Jollibee's acquisition of Chowking Food Corporation from its holding company, Antares Holdings, Inc., was completed in March 2000. Rufino L. dela Rosa, Jollibee's vice president, stated that the merger would cut down Chowking's supply, marketing and administrative expenses and maximize storage space, especially if new Chowking branches were built beside Jollibee's. Analysts predicted Jollibee, which was experiencing weak third-quarter results and stock performance, would also benefit financially.

Jollibee's chief financial officer of twelve years, dela Rosa was the one who successfully negotiated the stock swap with Kuan. Caktiong offered dela Rosa the role of Chowking's new CEO and president.
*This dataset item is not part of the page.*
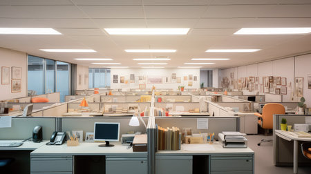 An empty office space with cubicles, old computers, and a few plants, showcasing a quiet and organized work environment

Having run two businesses of his own, he accepted the offer. In 2000, Chowking's revenue rose to ₱2.4 billion from 1999's ₱2.08 billion.

To simplify its corporate structure, Jollibee merged Chowking with fellow subsidiaries Greenwich Pizza and Baker Fresh Foods Philippines in 2006 and renamed it Fresh N' Famous Foods Inc. By then, Chowking had 342 stores in the Philippines.

From 2006 to 2008, Chowking invested ₱270 million in a modernization program which redeveloped their Noodle Building and increased the automation for the food production lines of their two commissaries. Located in Muntinlupa, the commissaries also act as warehouses and distribution centers.

In August 2010, Chowking was rebranded with a new logo and slogan: "Tikman ang Tagumpay" (lit. 'Taste Success').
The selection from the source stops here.